A 2016 study in Preventive Medicine Reports looked at 14 years of data from the National Longitudinal Study of Adolescent to Adult health data, and found that “clearly, marijuana use in early adolescence enhances increased likelihood of continuing use of other psychoactive substances,” but it also stated that it did not find that the proportion of the population using alcohol, tobacco or marijuana in early adolescence showed patterns of increasing use of marijuana, illegal drugs or cocaine according to the length of follow-up (approximately 14 years).“
In addition, it said that anti-drug education should also “assess the underlying mental illness predisposing young people to early drug use.”
A study from 2015 estimated that 44.7% of people with lifetime cannabis use progress to other illicit drug use at some time, but stated that “several sociodemographic characteristics, internalizing and externalizing psychiatric disorders and indicators of substance use severity predicted progression from cannabis use to other illicit drugs use,” and that the greater risk of illicit drug use for cannabis users with mental disorders should be considered when cannabis regulation changes are looked at.
Meanwhile, other researchers have pointed at nicotine as a significant gateway drug, in regard to cocaine use.
The Marijuana Policy Project — a marijuana legalization advocacy group — argued that the gateway hypothesis doesn’t stand up to much scrutiny at all.
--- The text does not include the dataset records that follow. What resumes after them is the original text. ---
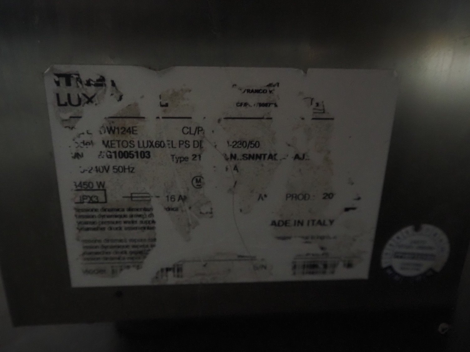 Metos dishwasher, 240 V, 50 Hz, 16 A, 8450 W, dimensions: 640 mm x 600 mm x 850 mm.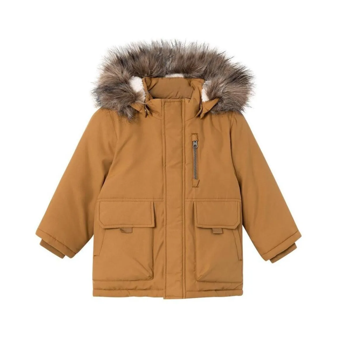 Optez pour ce manteau Name itColoris : MarronAvec capucheManches longues1 poche zippée verticalement poitrine gauche, 2 poches latérales à rabatCapuche détachable en fausse fourrure beigeExtrémité des manches resserréeComposition : 100% Polyester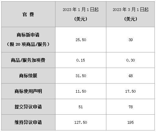 涉及商標(biāo)相關(guān)業(yè)務(wù)的最新收費(fèi)以及實(shí)施階段具體如下(依據(jù)2022 年 12 月 27 日的匯率):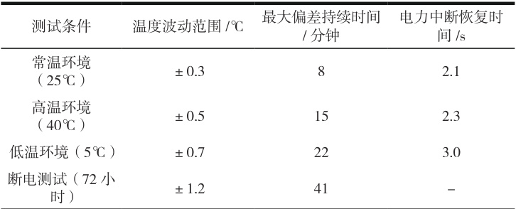 在实验测试中设置四组不同条件环境下进行数据对比。测试过程中对温度波动范围、最大偏差持续时间、电力中断恢复时间进行检测。通过在不同条件下的环境中多次测量对比,评估系统在实际环境中的检测效果,以验证系统设计的稳定性和可靠性[7]。表…1 所示为温控性能统计表。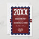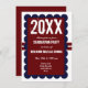 Custom Personalised Graduation Party Invitations with a Scalloped Edge and red and navy blue colours. A fun and colourful graduation party invite for a boy or anyone with red and blue school colours. A fun and bold faded grunge text font. Just add your own graduation party details to make your own custom graduation party invitations.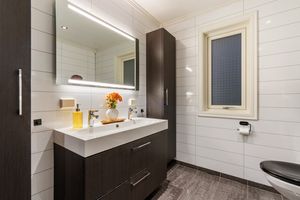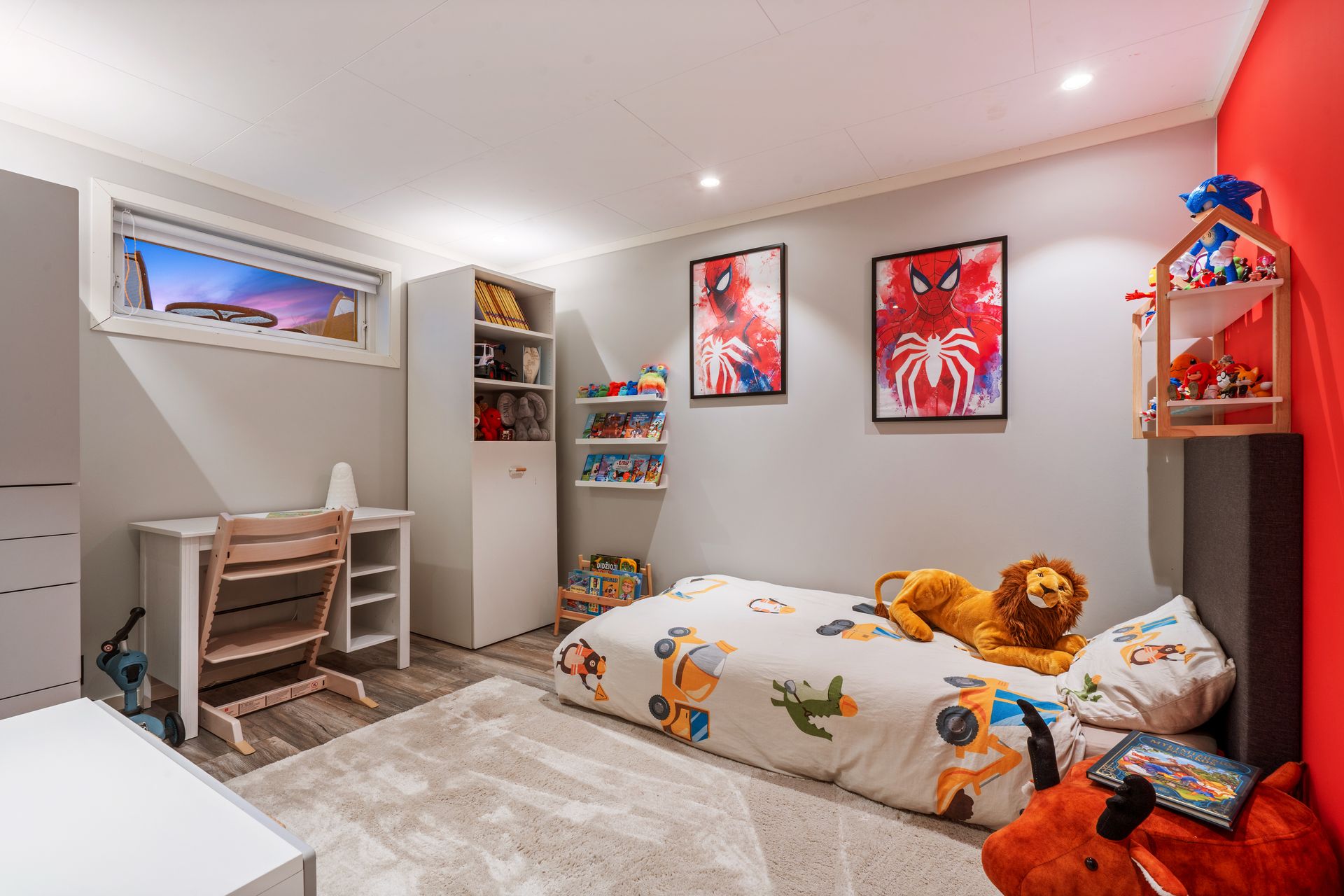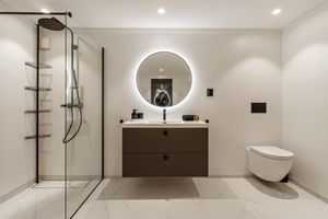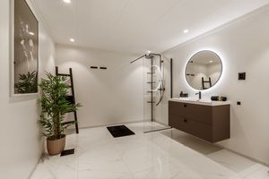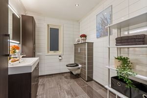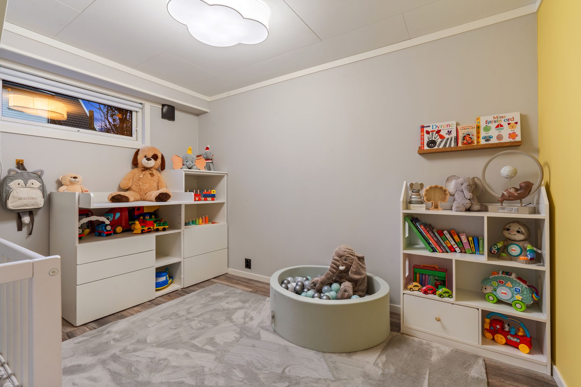 Underetasje: -Underetasjen er nylig ribbet og renovert (unntak vaskerom), pga dårlig klima når dagens eiere overtok. Eier opplyser at kjelleren sto til tørk i ca. 1 år før den ble innredet på ny. I mellomtiden ble det utført drenerings arbeider på vest, nord og øst siden. Samtidig ble det isolert mot grunnmur. -Underetasjen er bygget opp svært moderne og bruksvennlig, med totalt tre soverom, en kjellerstue, vaskerom og bad. -Badet ble ferdigstilt i Mars 2026 og fremstår som ubrukt. Flislagt gulv, baderomsplater på vegger, moderne dusjløsning, vegghengt toalett uten kasse (flush med veggen), klargjort for badekar, downlights i tak og moderne detaljer. Varmekabler i gulv. -Vaskerommet er nylig (Mars 2026) blitt oppusset i form av maling/sparkling. Varmekabler i gulv. -Alle soverom er av god størrelse. Svært romslig hovedsoverom m/lekker walk-in garderobe fra Ikea.

For one, it mentions that while more than 107 million Americans have tried marijuana, only 37 million have tried cocaine, and 4 million have tried heroin.
While research has shown that marijuana use has increased in some states where it was legalized, in Colorado, Washington, and Oregon — all fully legal cannabis states — opioid deaths are below the national average. Furthermore, a study carried out 2014, found that “Medical cannabis laws are associated with significantly lower state-level opioid overdose mortality rates.” In addition, while the National Survey on Drug Use and Health estimates that in Alaska, Colorado, Oregon, and Washington there is a higher than average level of cocaine use, this was the case in three of these states (Alaska, Oregon, and Colorado) before legalization went into effect.
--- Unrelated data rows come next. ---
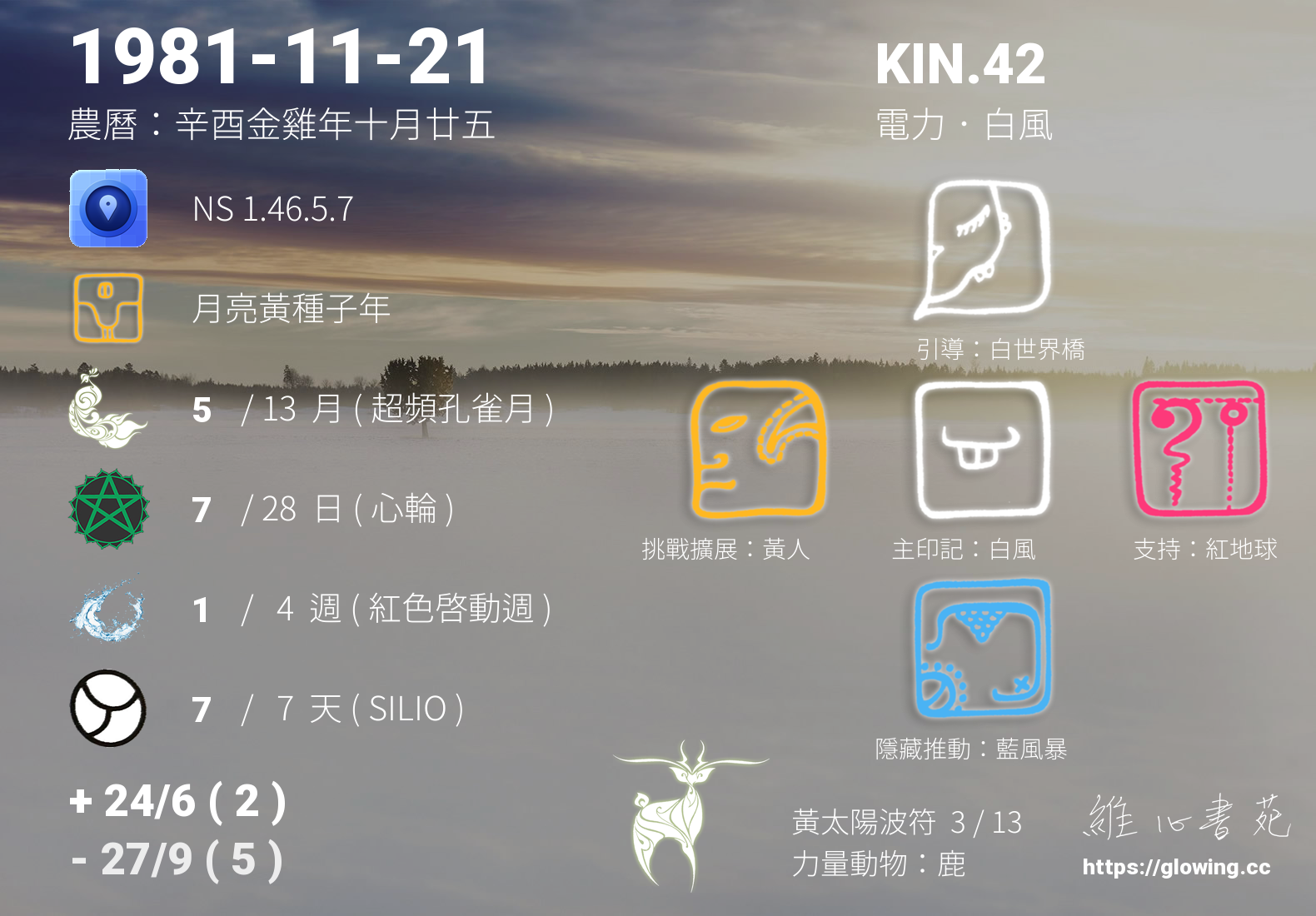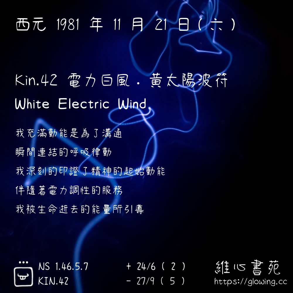 我們可以稱 KIN 42 為 【電力白風】 、 【電力的白風】 、 【黃太陽波符 之 電力白風】 也可以是 【電力白風.黃太陽波符】 ,你比較喜歡哪一個稱號呢?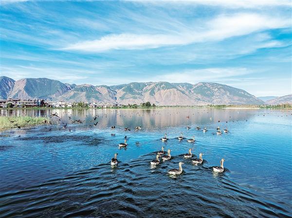 12月15日,一群灰雁在云南省大理白族自治州洱源县茈碧湖湿地栖息、觅食(无人机照片)。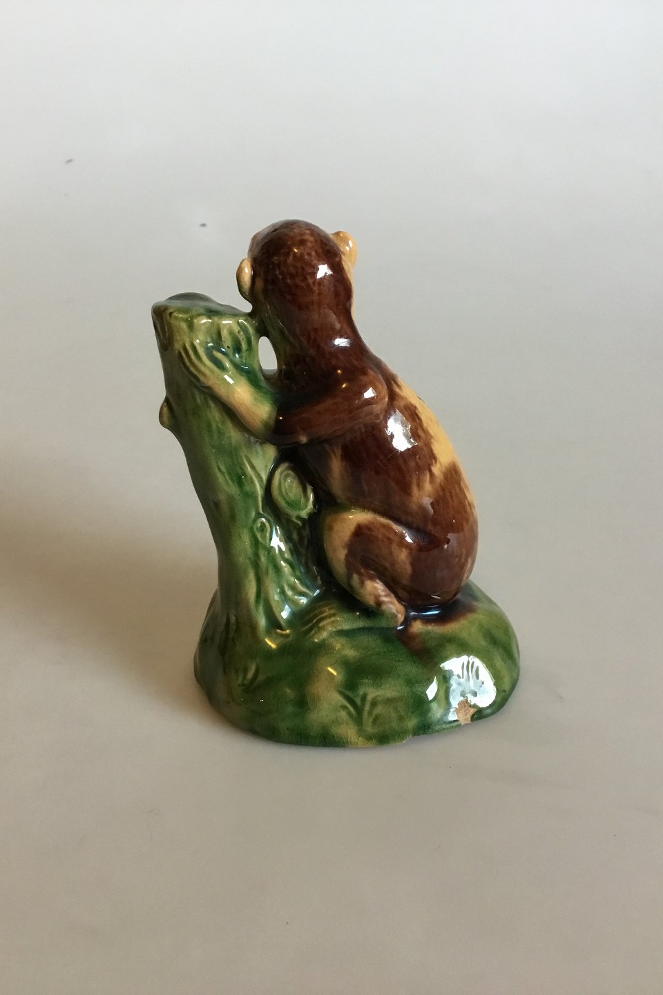 Sparebøsse i form af abe. Måler 12 cm. Afslag ved møntindkast.

Though cannabis is seen as largely harmless, people can develop a dependency to it. According to a 2010 study about one in 10 people who use cannabis will develop an addiction, which can entail physical, psychological, and/or social dependence. Physical dependence can include issues such as headaches or weight loss, while psychological symptoms can manifest as anxiety, irritability, and insomnia. Social addiction has to do with the difficulty many users have in stopping or cutting back on their cannabis use in social settings.
Like with other substances, all types of factors can affect one person’s likelihood for developing a dependency, including family history of addiction and mental health issues, among others.